2021 Annual Meetings – A Call for Bold Domestic Reforms, Efficient International Support to Boost African Economies and Avoid Debt Overload

The 2021 African Development Bank Group Annual Meetings, held virtually starting on Wednesday, opened with discussions on African debt management.

The pandemic has created huge financing needs for governments, widened budget deficits and driven governments into debt. On Wednesday, the African Development Bank hosted panel discussions on the issue. One knowledge event was titled “From Debt Resolution to Growth: The Way Forward for Africa”.

African Development Bank President Dr. Akinwumi A. Adesina said: “The deep scars left by the Covid-19 pandemic (in Africa) will take time to heal.” As a result of the pandemic, the continent’s GDP fell by 2.1% in 2020 and poverty and inequality are increasing. At least 30 million Africans fell into extreme poverty in 2020 and another 39 million could follow in poverty in 2021. The debt-to-GDP ratio is expected to increase by 10-15 percentage points in 2021 and debt is a pervasive concern.

Kristalina Georgieva, Managing Director of the IMF, said: “Clearly, the best way to manage debt is for economies to grow. This is not an easy task during the pandemic, as governments face reduced revenues and increased spending on crisis measures. But this crisis is an opportunity for transformative reforms to improve public service.”

Explaining that the IMF was considering increasing its zero-interest lending capacity, Georgieva said that “Africa can count on the IMF” to implement recovery efforts and transformative reforms. Georgieva and Ngozi Okonjo-Iweala, Director-General of the World Trade Organisation, both stressed the need for Africa to receive vaccines to emerge from the health crisis and rebuild.

In two separate panels featuring African Development Bank Governors, participants identified the need for African countries to strengthen domestic resource mobilization and manage public finances and debt transparently and productively. Above all, there is a need to ensure full transparency on debt held by non-Paris Club public enterprises, including loans guaranteed by bilateral creditors. Corruption must be confronted more effectively, spending must be more efficient, and there must be better budgetary discipline.

The collection and spending cycle should also be digitized to reduce wastage. Countries need to make better use of debt by focusing on financing productive social and economic infrastructure.
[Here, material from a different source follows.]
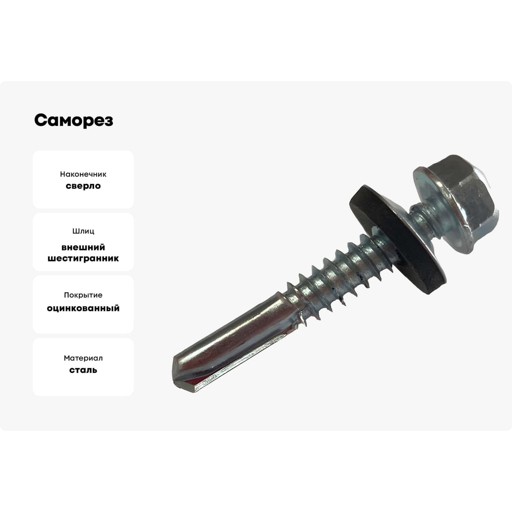 Длина 32 мм DIN нет Тип фасовки шт. Материал сталь Покрытие оцинкованный Диаметр 5.5 мм Назначение для металлических оснований ISO нет ГОСТ нет Наличие пресс-шайбы есть Нержавеющая сталь нет Цвет покрытия белый цинк Форма головки шестигранная Шлиц внешний шестигранник Наконечник сверло Цвет RAL нет Фасовка 250 шт

The effectiveness of debt-financed public investments can be enhanced with stronger institutional capacity.

Recalling that debt management also depends on the health of central banks, Tarek Amer, Governor of the Bank of Egypt and his country’s Governor at the African Development Bank, stated that “monetary policy, exchange rate policy, budgetary policy, all of these must remain independent” and governments must ensure that they create jobs and ensure price stability, through structural reforms so that economic growth and private sector development can help reduce debt.

The goal is to ensure that Africa does not lose another decade, as was the case with previous debt restructurings that took eight to ten years and did not produce any significant debt relief.
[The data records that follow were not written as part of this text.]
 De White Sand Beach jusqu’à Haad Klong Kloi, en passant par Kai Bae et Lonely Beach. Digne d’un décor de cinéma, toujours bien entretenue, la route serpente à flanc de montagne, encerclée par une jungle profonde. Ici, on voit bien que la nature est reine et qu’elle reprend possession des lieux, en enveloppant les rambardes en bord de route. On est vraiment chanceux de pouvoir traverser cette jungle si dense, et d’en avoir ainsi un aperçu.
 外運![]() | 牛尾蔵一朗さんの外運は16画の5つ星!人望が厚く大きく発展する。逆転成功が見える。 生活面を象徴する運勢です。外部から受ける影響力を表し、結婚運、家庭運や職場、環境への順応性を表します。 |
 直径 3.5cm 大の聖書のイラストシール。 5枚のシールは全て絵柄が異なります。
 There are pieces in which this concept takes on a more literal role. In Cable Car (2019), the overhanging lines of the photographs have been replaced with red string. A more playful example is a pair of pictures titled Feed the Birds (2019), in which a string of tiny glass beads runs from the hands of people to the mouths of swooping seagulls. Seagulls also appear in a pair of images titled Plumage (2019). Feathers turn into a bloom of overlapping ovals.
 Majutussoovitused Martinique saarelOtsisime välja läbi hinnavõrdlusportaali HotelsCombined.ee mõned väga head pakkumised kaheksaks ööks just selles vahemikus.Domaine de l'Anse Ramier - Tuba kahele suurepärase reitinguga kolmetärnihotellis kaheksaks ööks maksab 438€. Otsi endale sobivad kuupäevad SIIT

One immediate solution is to make available the $33 billion in Special Drawing Rights of the International Monetary Fund announced at the Paris Summit on African Economies and the $100 billion in Special Drawing Rights that industrialized countries want to allocate to African countries. This would reinforce the G20’s Debt Service Suspension Initiative and the International Monetary Fund’s Common Framework for Debt Resolution, which focuses on debt relief for the most vulnerable countries.

It is also important to establish an African stability mechanism to help African economies protect themselves from external shocks, the African Development Bank President said.